[Items listed in a dataset]
* * * * * * *
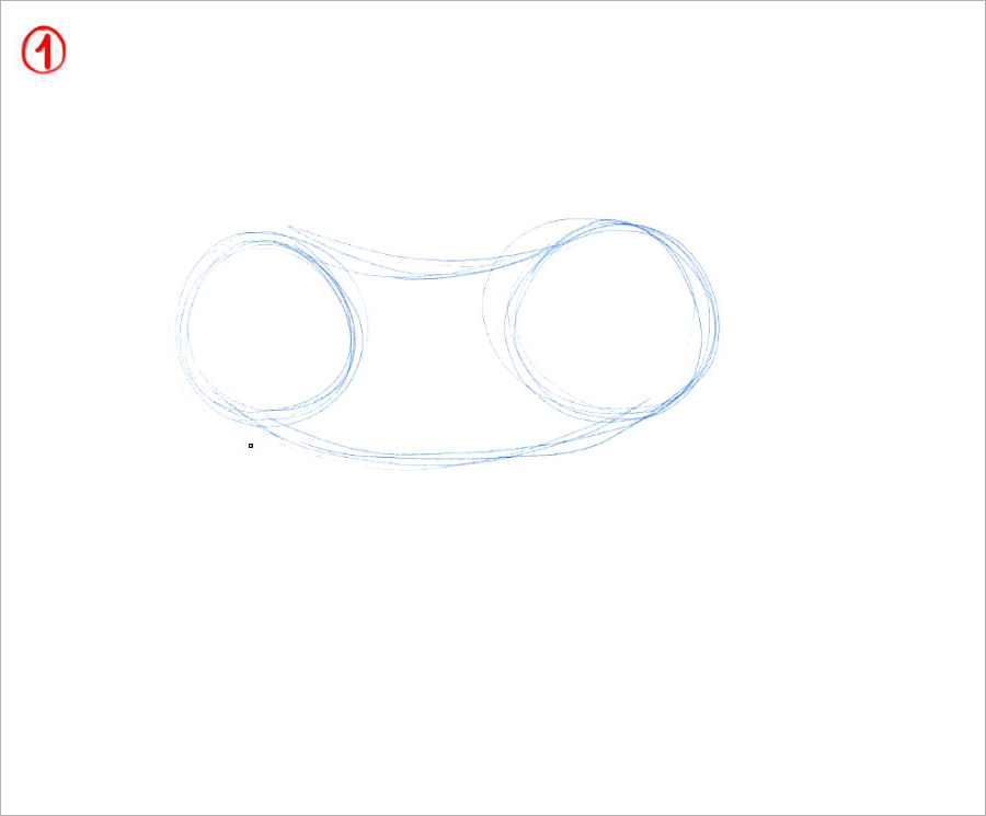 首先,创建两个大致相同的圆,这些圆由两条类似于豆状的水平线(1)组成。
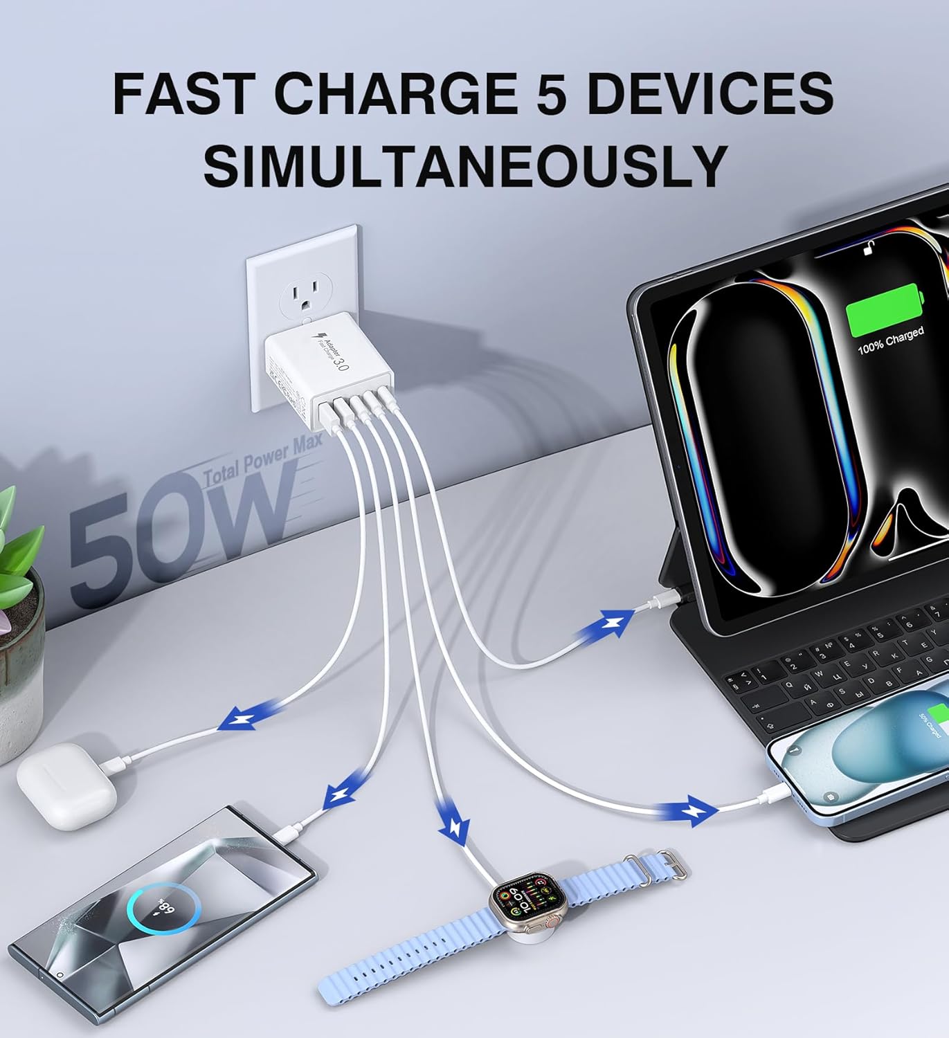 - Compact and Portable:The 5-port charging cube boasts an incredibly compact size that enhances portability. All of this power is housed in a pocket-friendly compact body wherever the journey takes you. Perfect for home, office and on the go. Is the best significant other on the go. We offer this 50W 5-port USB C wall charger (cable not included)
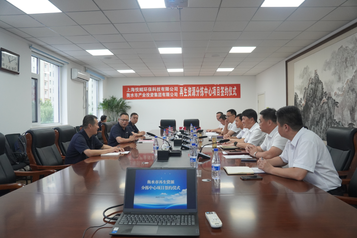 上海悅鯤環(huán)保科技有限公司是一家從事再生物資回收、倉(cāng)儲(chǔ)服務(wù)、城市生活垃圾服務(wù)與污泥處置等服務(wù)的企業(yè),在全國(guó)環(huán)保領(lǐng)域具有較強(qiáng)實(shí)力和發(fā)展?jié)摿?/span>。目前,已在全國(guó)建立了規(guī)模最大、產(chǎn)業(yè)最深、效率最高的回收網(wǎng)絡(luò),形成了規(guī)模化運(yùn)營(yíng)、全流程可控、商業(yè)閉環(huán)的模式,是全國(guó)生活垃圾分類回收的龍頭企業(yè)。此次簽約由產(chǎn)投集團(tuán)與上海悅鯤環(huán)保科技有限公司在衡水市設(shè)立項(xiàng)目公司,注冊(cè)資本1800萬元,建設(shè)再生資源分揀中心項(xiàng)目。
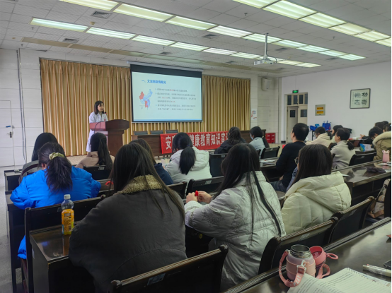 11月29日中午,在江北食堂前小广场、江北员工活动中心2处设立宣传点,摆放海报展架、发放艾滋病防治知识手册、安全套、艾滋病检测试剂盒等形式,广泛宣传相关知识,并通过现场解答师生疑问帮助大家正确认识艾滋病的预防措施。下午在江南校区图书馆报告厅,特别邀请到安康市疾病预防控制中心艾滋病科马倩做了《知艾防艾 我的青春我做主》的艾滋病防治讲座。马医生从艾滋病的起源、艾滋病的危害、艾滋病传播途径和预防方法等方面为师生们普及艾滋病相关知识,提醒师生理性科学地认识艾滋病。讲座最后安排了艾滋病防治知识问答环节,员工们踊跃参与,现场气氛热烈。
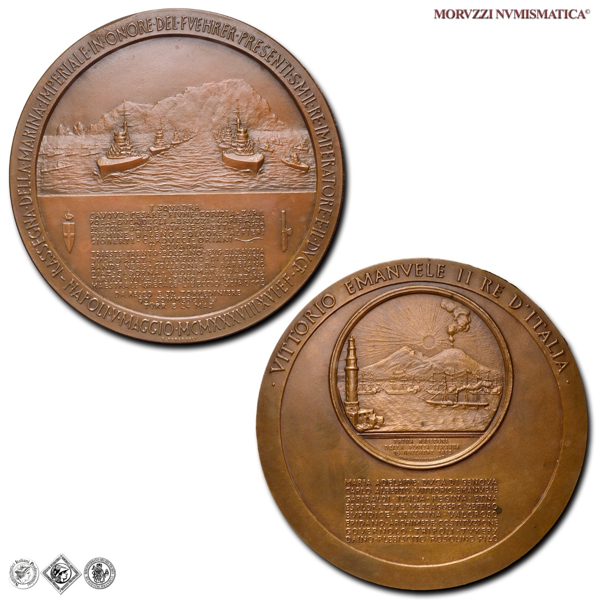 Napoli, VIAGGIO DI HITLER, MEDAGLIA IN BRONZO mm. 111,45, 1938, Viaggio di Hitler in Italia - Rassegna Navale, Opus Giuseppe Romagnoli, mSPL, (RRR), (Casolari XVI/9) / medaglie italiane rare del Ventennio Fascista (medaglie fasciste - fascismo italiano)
* * * * * * *
Exercise directions:
Leave out the pictures; repeat the data exactly.

The completed task:
 首先,创建两个大致相同的圆,这些圆由两条类似于豆状的水平线(1)组成。
 - Compact and Portable:The 5-port charging cube boasts an incredibly compact size that enhances portability. All of this power is housed in a pocket-friendly compact body wherever the journey takes you. Perfect for home, office and on the go. Is the best significant other on the go. We offer this 50W 5-port USB C wall charger (cable not included)
 上海悅鯤環(huán)保科技有限公司是一家從事再生物資回收、倉(cāng)儲(chǔ)服務(wù)、城市生活垃圾服務(wù)與污泥處置等服務(wù)的企業(yè),在全國(guó)環(huán)保領(lǐng)域具有較強(qiáng)實(shí)力和發(fā)展?jié)摿?/span>。目前,已在全國(guó)建立了規(guī)模最大、產(chǎn)業(yè)最深、效率最高的回收網(wǎng)絡(luò),形成了規(guī)模化運(yùn)營(yíng)、全流程可控、商業(yè)閉環(huán)的模式,是全國(guó)生活垃圾分類回收的龍頭企業(yè)。此次簽約由產(chǎn)投集團(tuán)與上海悅鯤環(huán)保科技有限公司在衡水市設(shè)立項(xiàng)目公司,注冊(cè)資本1800萬元,建設(shè)再生資源分揀中心項(xiàng)目。
 11月29日中午,在江北食堂前小广场、江北员工活动中心2处设立宣传点,摆放海报展架、发放艾滋病防治知识手册、安全套、艾滋病检测试剂盒等形式,广泛宣传相关知识,并通过现场解答师生疑问帮助大家正确认识艾滋病的预防措施。下午在江南校区图书馆报告厅,特别邀请到安康市疾病预防控制中心艾滋病科马倩做了《知艾防艾 我的青春我做主》的艾滋病防治讲座。马医生从艾滋病的起源、艾滋病的危害、艾滋病传播途径和预防方法等方面为师生们普及艾滋病相关知识,提醒师生理性科学地认识艾滋病。讲座最后安排了艾滋病防治知识问答环节,员工们踊跃参与,现场气氛热烈。
 Napoli, VIAGGIO DI HITLER, MEDAGLIA IN BRONZO mm. 111,45, 1938, Viaggio di Hitler in Italia - Rassegna Navale, Opus Giuseppe Romagnoli, mSPL, (RRR), (Casolari XVI/9) / medaglie italiane rare del Ventennio Fascista (medaglie fasciste - fascismo italiano)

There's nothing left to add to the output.